JavaScript – the binder of oddities

JavaScript bound these two giants together and out of their marriage was born RaphaelJS, inheriting the best charms of both parents. It has the ability to scale almost any browser's turf and dance to any developer's tune.

The solution—RaphaelJS.

Browser support

Most browsers support SVG and all versions of IE from IE 5.0 onwards support VML. Since RaphaelJS was developed to make the most of SVG and VML, it can practically run in almost any browser, making it more reliable.

RaphaelJS—the amphibian

What is RaphaelJS and what is not RaphaelJS?

We now know what RaphaelJS is—it's a combination of SVG and VML using whichever of these two technologies the current browser supports, therefore it is versatile and reliable. But it's equally important to also know what is not RaphaelJS.

A little about vector and raster graphics

Just like the world is of two primary states water and land, graphics are of two primitive types—vector and raster. Vector graphics are drawn using geometrical primitives like lines, curves, ellipses, and so on. Various such primitives join together and form a graphic. Vector graphics are drawn on the screen mathematically. They are scalable without loss in quality. Raster graphics, on the other hand, are pixel-based and are not scalable. The main advantage with vector graphics is that they are scalable and are also real objects, meaning we can fiddle with them and manipulate them dynamically. The following diagram shows the difference between raster (bitmap) and vector graphics:

Difference between raster (bitmap) and vector graphics

RaphaelJS as a vector

RaphaelJS is a vector graphics library, therefore the drawings are real DOM objects. Thus they can be dynamically accessed, manipulated, resized, and practically hammered into anything you want in runtime. Best of all is that they can be assigned events like click, mouseover, mouseleave, and so on. The capabilities of RaphaelJS are just incredible.

Raphael uses vector graphics and HTML 5 Canvas uses raster graphics.

The x, y positioning that RaphaelJS uses

RaphaelJS uses the x, y positioning system to draw. The top-left corner of the screen is 0,0 and the horizontal scale is the x axis and the vertical scale is the y axis.

So if the code says (15,20) then it means that the point will be at 15 points from the x axis (horizontal) and 20 points from the y axis (vertical).

RaphaelJS is a vector graphics-based library built to make it easier to draw on the screen. RaphaelJS uses either SVG or VML, whichever the current browser supports.
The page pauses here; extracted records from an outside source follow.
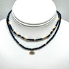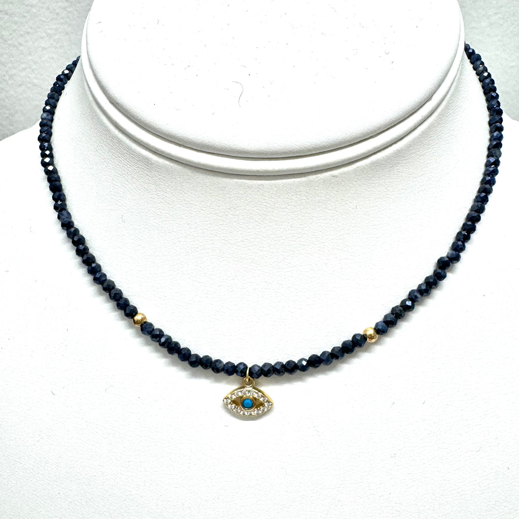 These necklaces feature lapis faceted beads and smooth gold beads. Choose from two styles: lapis with gold beads or lapis with evil eye charm.
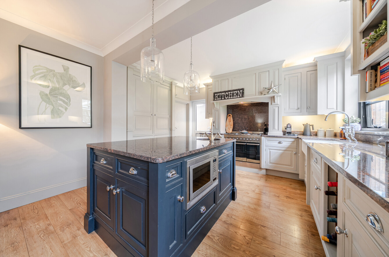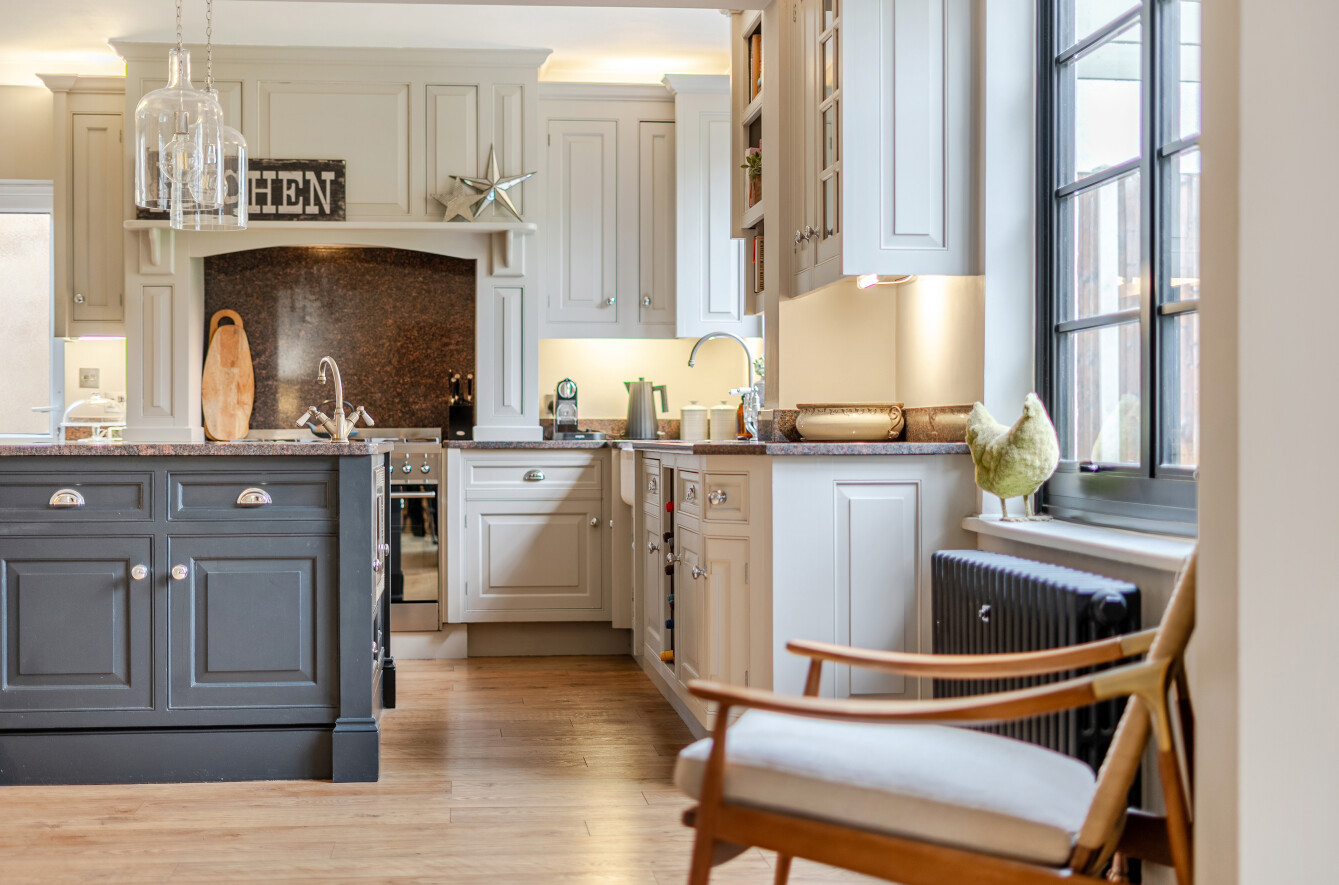 The kitchen provides a comprehensive range of cabinetry topped with granite work surfaces, complemented by display shelving, a large range cooker set within a dedicated nook, a wide Butler sink, an integrated wine store, a pantry cupboard and traditional-style radiators.
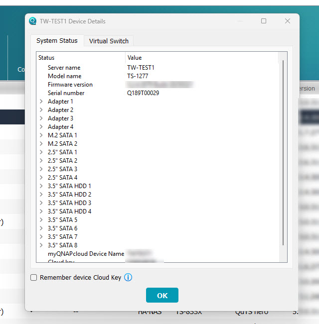 您可以查看有关 QNAP 设备的一些详细信息。
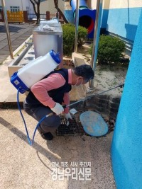 합천군보건소는 전문적 소독이 이뤄지기 어려운 어린이집 및 합천읍 경로당 49개소에 대해 ‘찾아가는 친환경 방역소독사업’을 지난 26일부터 다음달 27일까지 한 달간 실시한다. ▲찾아가는 방역소독서비스 현장     ©경남우리신문 편집국 이번 방역소독서비스는 여름철 전염병 유행을 방지하고 안전한 보육환경과 쾌적한 경로당 주거환경을 조성해, 면역취약계층인 영...

The drawings created using RaphaelJS are DOM objects and can be manipulated dynamically making them more versatile, they can also be assigned events such as click, mouseover, and mouseleave. All these amazing properties make RaphaelJS exciting to learn and use.


RaphaelJS and HTML 5 Canvas are two different things entirely. Though they both appear to do similar things (drawing), they are different in how they do it. RaphaelJS is based on vector graphics and HTML5 Canvas is raster-based.